The council are allowing themselves to be ripped off by contractors as they end up going out to the same location many times, it should be a contract to repair holes on a certain stretch of road, again it ends up wasting tax payers money.
I agree they/we are being ripped off but it might not be as direct as that.
I think some (most?) of the contracts are actually to repair holes on certain stretches of road for a given period of time. So the current contractor only needs the repairs to last until the contract is up for renewal which I think is rarely longer than a few years, whereas (edit: if I remember correctly what I was told at a briefing about 10 years ago) an average C/U-class new road is expected to last 9 years and surface-dressing done correctly should extend that by 4 or 5 more, possibly twice... so in other words, even the best council probably won't be able to tell whether most surface dressing was done by the book until after the contract's been re-let - unless they were actually out watching the work being done which no council has enough officers to do any more - so there's basically no financial incentive for the contractor to do the job properly.

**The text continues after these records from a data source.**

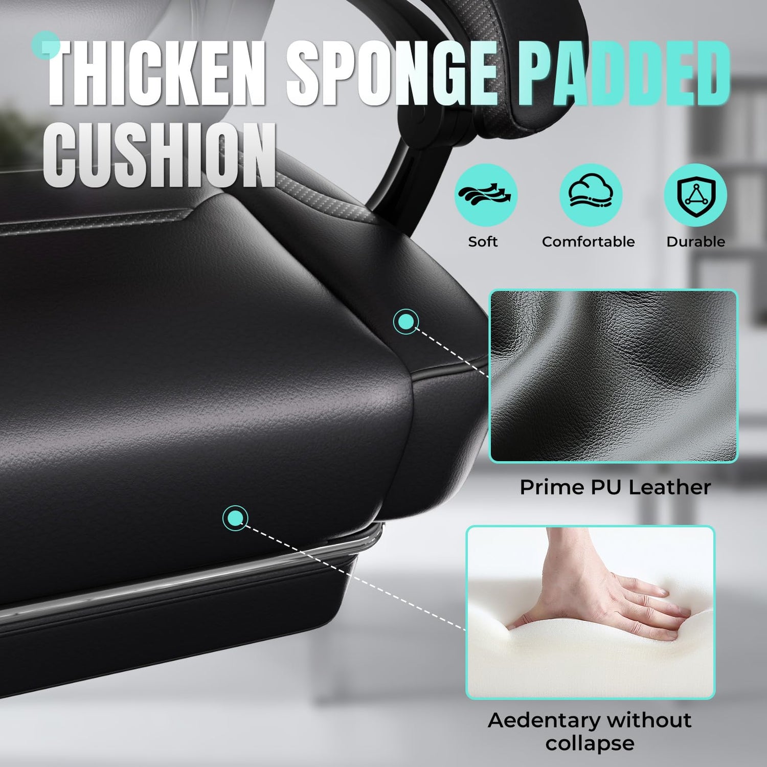 • GAMING CHAIR WITH FOOTREST: Solid integrated frame, international standard gas lift, skin friendly Pu leather with high density thick sponge inside, 5 point steel base with heavy duty, smooth rolling casters, retractable footrest for rest.
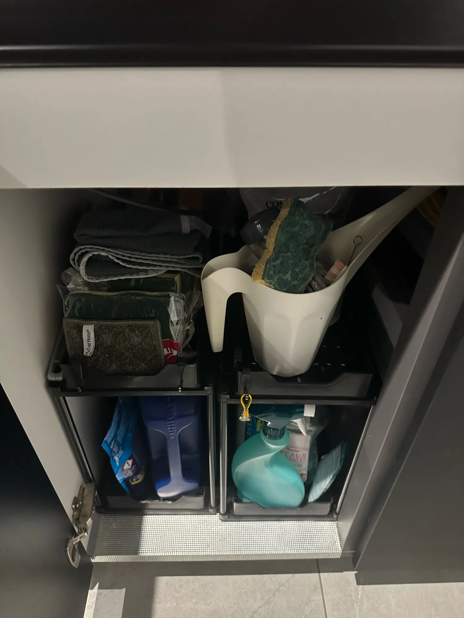 Perfect under the kitchen sink, I even regained some space in the middle.
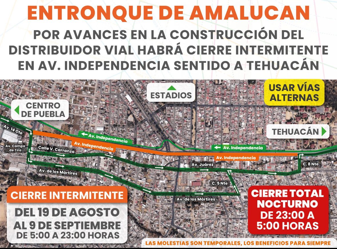 La Secretaría de Infraestructura informa que por los avances en la construcción del Distribuidor Vial “Ejército de Oriente”, habrá cierres intermitentes en Avenida Independencia, sentido a Tehuacán, del 19 de agosto al 09 de septiembre. Esta medida se contempla para la seguridad de trabajadores, los usuarios y prestadores de servicios, ya que habrá excavaciones, cimentación y colado de columnas; además, la Comisión Federal de Electricidad (CFE) estará realizando trabajos.
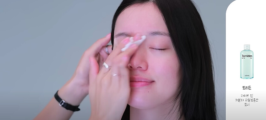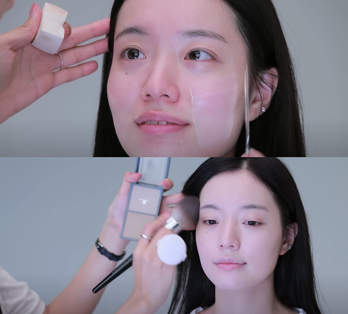步驟三:因為舒華的皮膚非常白皙,選擇偏粉的明亮粉底液,少量多次疊擦。Haemin老師提到如果妳是容易泛紅、有瑕疵的皮膚,可以先用妝前乳搭配輕透感的粉底打底,再選擇一個遮瑕力較好的粉底液輕輕壓一層,讓妝感看起來更加輕透無瑕!
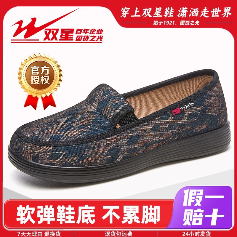 透气单鞋 双星八特老北京布鞋 百搭休闲鞋 一脚蹬平底妈妈鞋 女绣花鞋
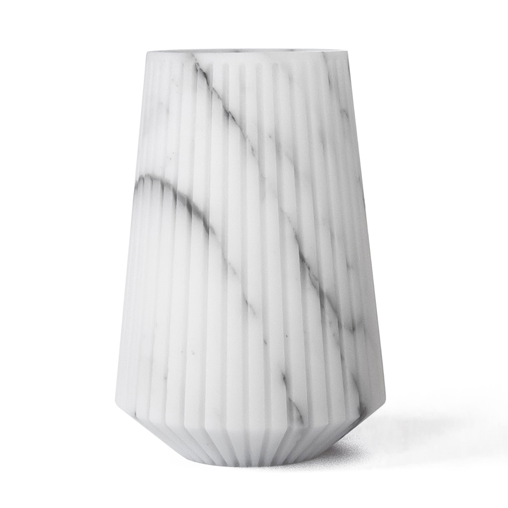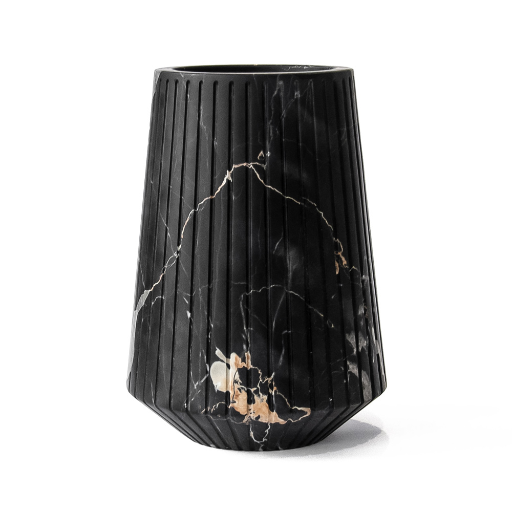 Vaso decorativo médio em mármore listrado branco ou preto fabricado na Itália.
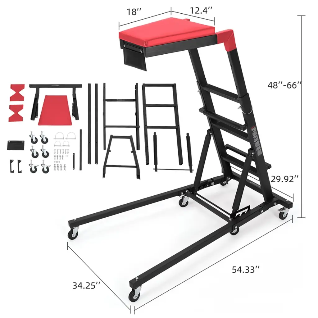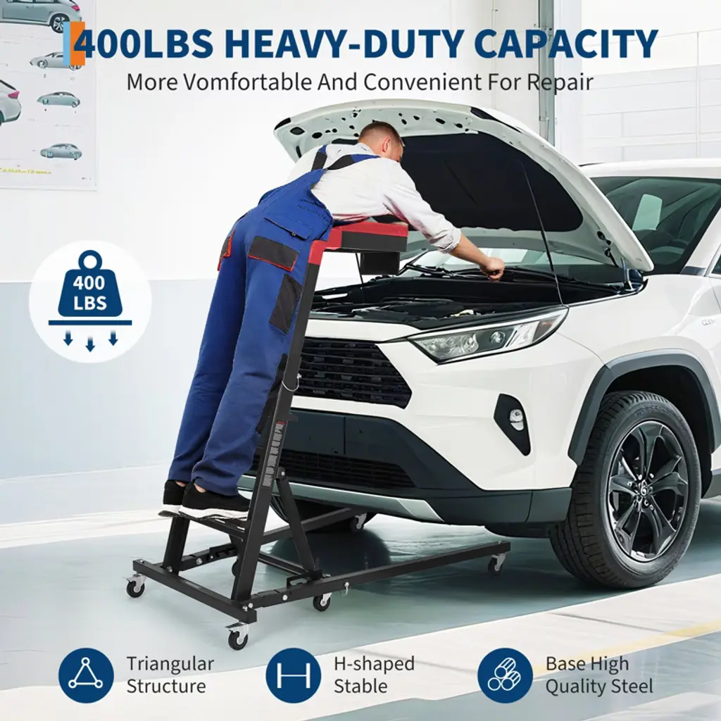 400lb Capacity Foldable Engine Creeper - Adjustable Height (48-66") Automotive Stool w/ 6 Wheels & Storage for Truck/Car RepairHeavy-Duty Steel Frame - Supports up to 400lbs with reinforced joints for mechanic-grade durability5 Height & 3 Angle Adjustments - Customizable from 48" to 66" to fit trucks/SUVs (reduces back strain)Locking Wheel System - 6 swivel casters (2 lockable) for smooth mobility + secure positioningThick Leather Cushion - 2" padded seat with tool storage bag for all-day comfortFolds Flat for Storage - Saves space in garages or workshops when not in use
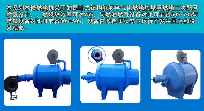 1. 本設備原料適應性強,木粉 ,竹粉 ,煤粉 混燒,稻殼粉 ,棕櫚殼粉 等 60目-120目以內原料可直接燃燒。
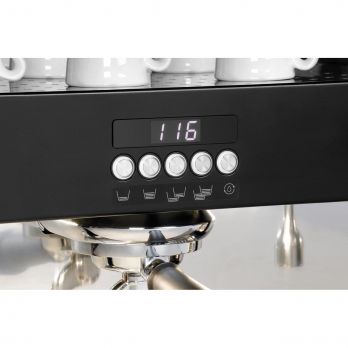 Pákový kávovar. Provedení portafiltr. Odkládací prostor pro šálky. Automatické čištění. Nástavec pro malé šálky a standardní espresso. Snadno a rychle si připravíte i dvě kávy najednou. 1 bojler o objemu 17,5 litrů, 3 spařovací skupiny, 1 tryska s horkou vodou a 2 parní tryska (chladný dotyk). 3 programy, automatické plnění bojleru a čištění spařovací skupiny. Čistící program. Automatický přívod vody elektromagnetickým ventilem. Předspaření, regulovatelné dávkování teplé vody, indikace tlaku manometrem. Časovač. ON/OFF tlačítko, LED osvětlení, lze spínat samostatně, Digitální ukazatel: nastavení teploty kotle, výběr a programování nápojů, spuštění čisticího programu, časovač, předspaření, varování. Ovládání elektronické/ruční, ON/OFF, všestranné nastavení kávových specialit. Včetně: 1 vypouštěcí hadice 150 cm, 1 portafiltr s 1 výstupem, 3 portafiltry se 2 výstupy, 1 přívodní hadice 55 cm. Materiál lakovaný ocelový plech Příkon: 4,35 kW / 230 V / 50 Hz. Rozměr: Š 900 x H 595 x V 465 m
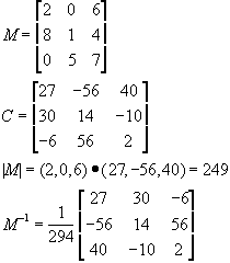 From Hill, pp687: 1. Build a matrix of cofactors, C 2. Find |M| as the dot product of any row in C with a corresponding row of M 3. Transpose C and divide by |M|
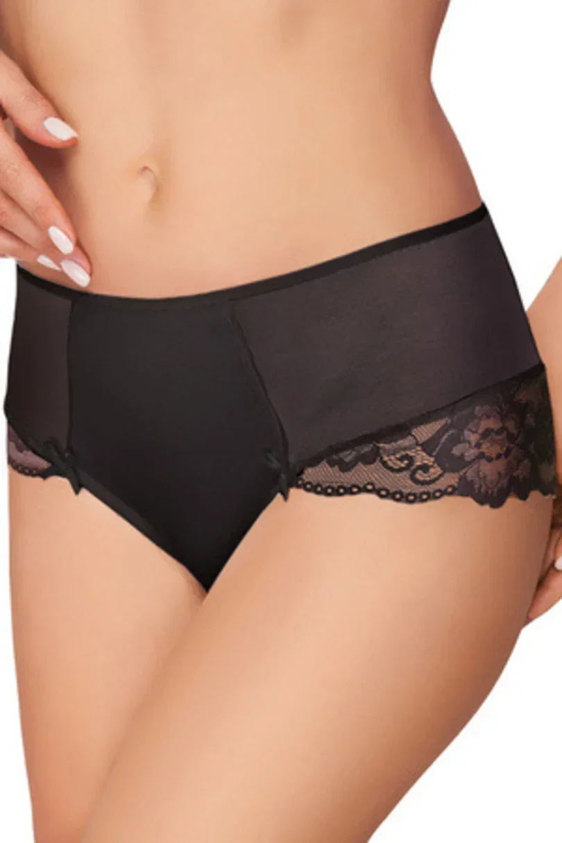 Šortky z hladkého mikrovlákna a jemné průsvitné tylové síťoviny s výraznou krajkou s květinovým motivem ve spodní části.
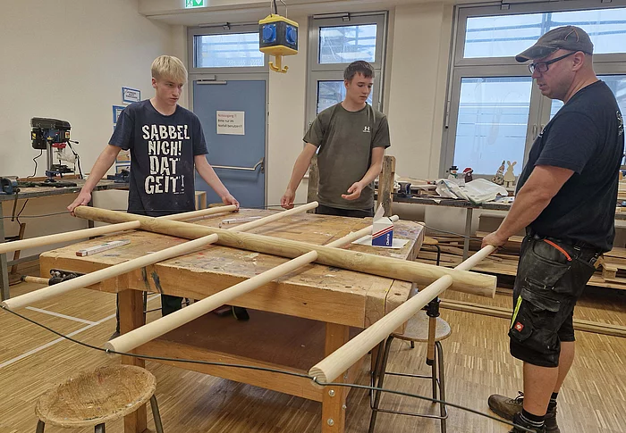 Klaas Neumann, Jonas Wieben, Finn Ufen und Till Hadel aus der 9b haben mit unserem Hausmeister Henning Meister zwei große Jöölboome gezimmert. Diese werden bald außeerhalb der Schule am Meer für weihnachtliche Vorfreude sorgen.
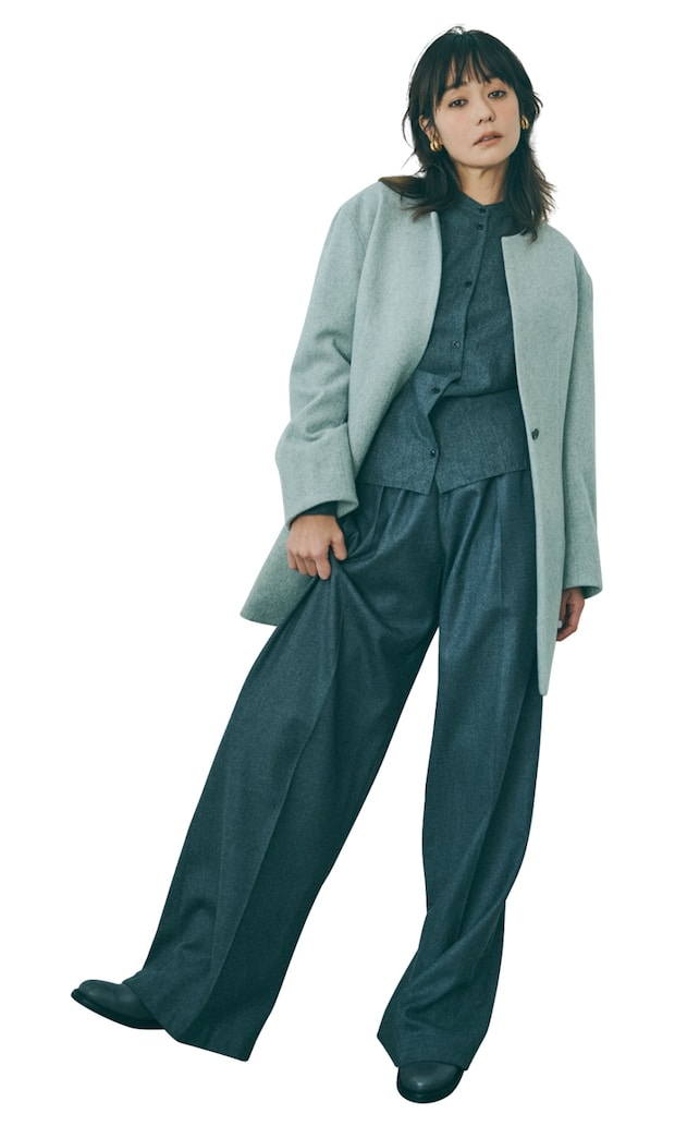 「ウエスト部分がキュッとなっていれば、小柄な人でもバランスよく見えるはず。特にワントーンコーデのときは変化もついて◎。コートも中のブラウスもお腹まわりがタイトなデザインのものを選んでいるから、自然とシャープな印象に」
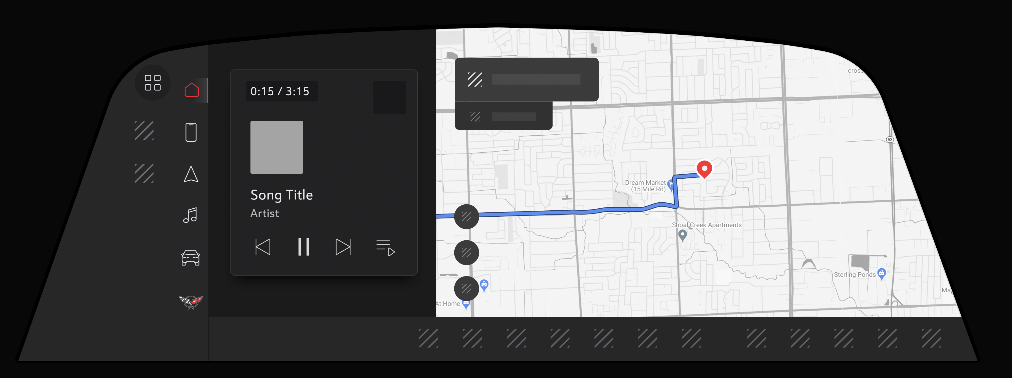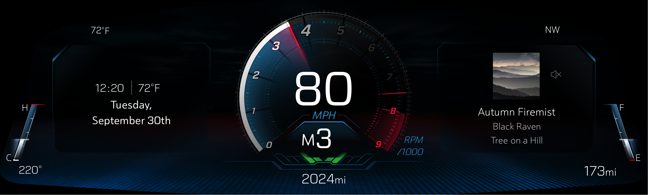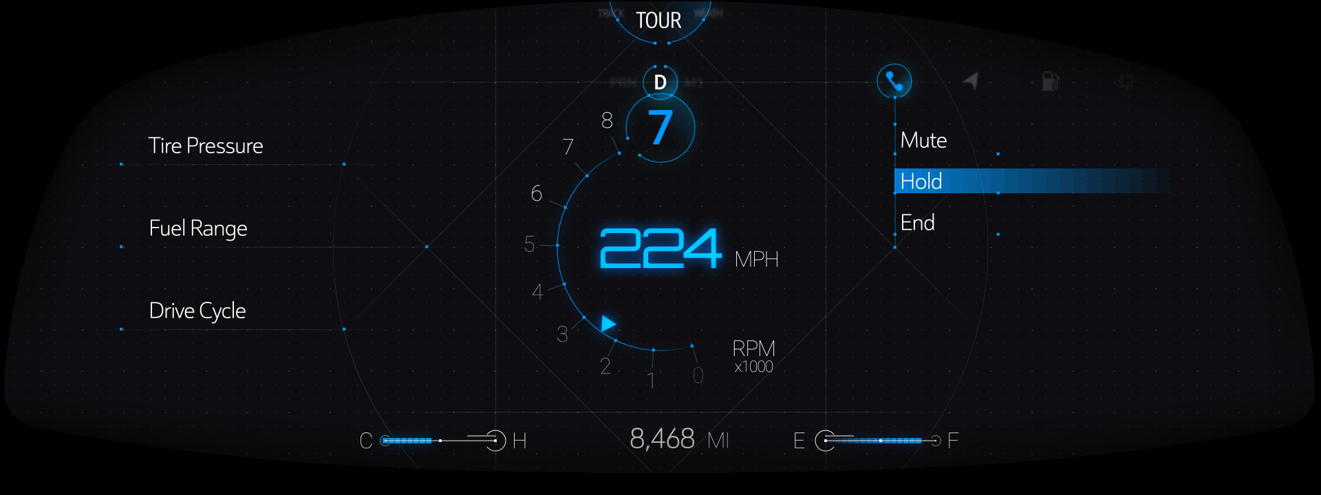 I ensured the graphics were properly implemented into the design system. I led, reviewed and critiqued the typography and iconography development. I ensured ISO standards were met, safety and regulatory best practices as well as GM best practices. I also reviewed and critiqued the 3D development of assets in the interface particularly vehicle imagery and realtime assets. I also worked with software on almost a daily basis ensuring gaps were closed, issues were resolved and that our teams were working as closely as possible.

Still with me? Then the flip side is that when the contract is being re-let, the current number of repairs of each type in the past N periods is disclosed to the bidders, so doing a crap job (as long as you don't get found out) means more repairs and more severe types are needed, so the contractor and its peers can charge more next time. One way to avoid this would be longer contracts and then you might only get shoot work in the last few years of it, but few councils have that sort of financial stability any more and the council needs to be really sure it can terminate a contract that stops working well for it or fire a rubbish contractor if they start cutting corners early and they discover it... aaaand few councillors look beyond the next election or two anyway, so might commit their council to a good-now-but-rubbish-later long-term deal if they could anyway!
I'm sure it doesn't always work as badly as I outline but it seems such an obvious failure pattern in contracted-out road maintenance that I expect its inventors are patting themselves on the back with both hands: trebles all round!